Turning overseas, there is an extra challenge in getting earthquake aid to hard-hit Syria. It's caused by the strained relations between international donors and a regime still at war with some of its own people. Aid groups are having a tough time navigating the geopolitics to get help to areas controlled by opponents of the regime. NPR's Michele Kelemen reports.

MICHELE KELEMEN, BYLINE: The U.N. has struggled for years to aid Syrians in the midst of the civil war, and the needs are skyrocketing in the wake of a devastating earthquake.

EL-MOSTAFA BENLAMLIH: We need generators. We need to replace and repair water pumps. We need to make sure that there is security.

KELEMEN: That's El-Mostafa Benlamlih, a U.N. official based in Syria's capital, who's trying to get help to areas in the north affected by the earthquake.

BENLAMLIH: Just this morning, even here in Damascus, we had snow. There, they have snow. They have freezing cold weather. And they're living in terrible situation.

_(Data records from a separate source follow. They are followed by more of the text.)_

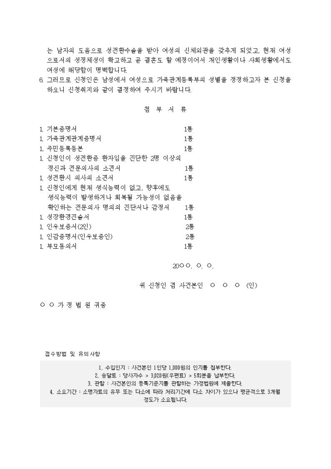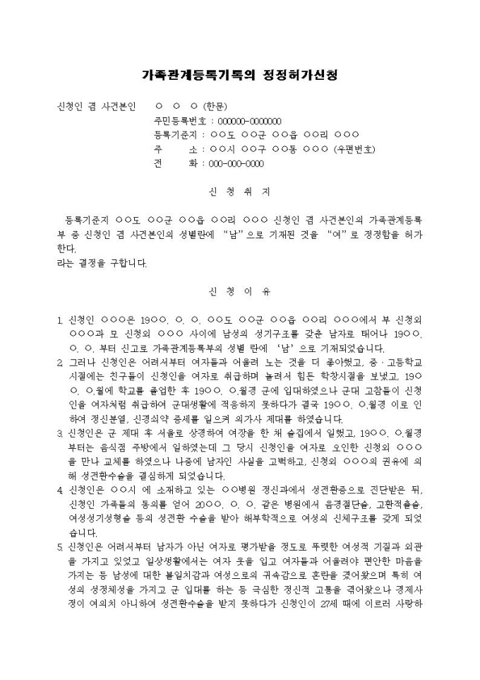 9,000원/월가족관계등록기록의 정정허가신청서(성전환자)입니다.
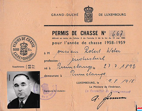 Permis de chasse N° 667 - 1958-59 de Robert Weber, Rumelange (Scan: Yves Kemp)
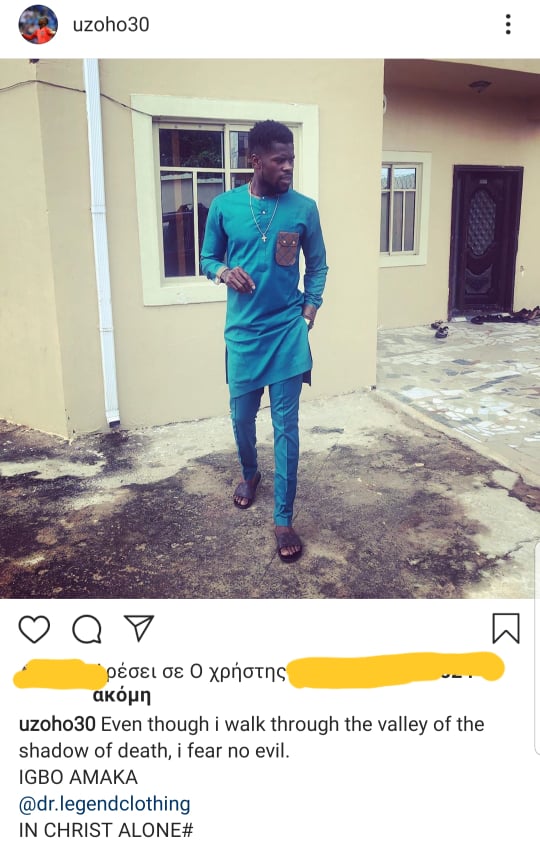 Αυτή τη φορά ο Νιγηριανός τερματοφύλακας έστειλε το δικό του μήνυμα αφού δημοσίευσε μια φωτογραφία δική του και έγραψε σαν στιχάκι πως ''παρόλο που περπατώ μέσα στην κοιλάδα της σκιάς του θανάτου, δεν φοβάμαι κανένα κακό''.
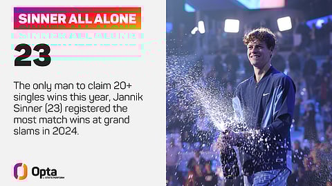 Sinner won 23 matches overall at grand slams this year, with no other player on the ATP Tour bringing up 20 (Alcaraz managed 19).
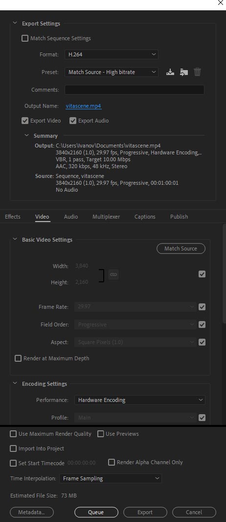 Ctrl+M и в настройках экспорта, выбираем формат: H.264 и пресет Match Source - High bitrate. По-умолчанию активировано iGPU аппаратное декодирование и кодирование (Encoding Settings > Performance: Hardware Encoding) с помощью интегрированной видеокарты Intel Iris Pro Graphics 6200.

KELEMEN: That includes areas controlled by the government and the opposition. The Syrian government has a track record of blocking aid to rebel-controlled areas and has always insisted that the aid comes through Damascus. The U.N. is only allowed to use one aid route from Turkey to reach an opposition-held area. And the U.N.'s regional humanitarian coordinator, Muhannad Hadi, is trying to make do.

MUHANNAD HADI: We are in the business of saving lives, so we ask for what we want, and we do with what we get. If they give us one crossing point, we will do our best to save lives with that. But we would like to have more flexibility to do more.

KELEMEN: The road used by U.N. aid workers from Turkey into northern Syria was damaged by the earthquake, though Hadi says some trucks are now poised to move in Thursday. Millions of Syrians uprooted by the war live just across the border and are dependent on outside aid, says Ammar al-Salmo, a volunteer with the Syrian White Helmets, a rescue group that operates in opposition areas.

AMMAR AL-SALMO: We did not expect help from the regime because the regime was the starving people before. So people did not expect to receive any help from the regime.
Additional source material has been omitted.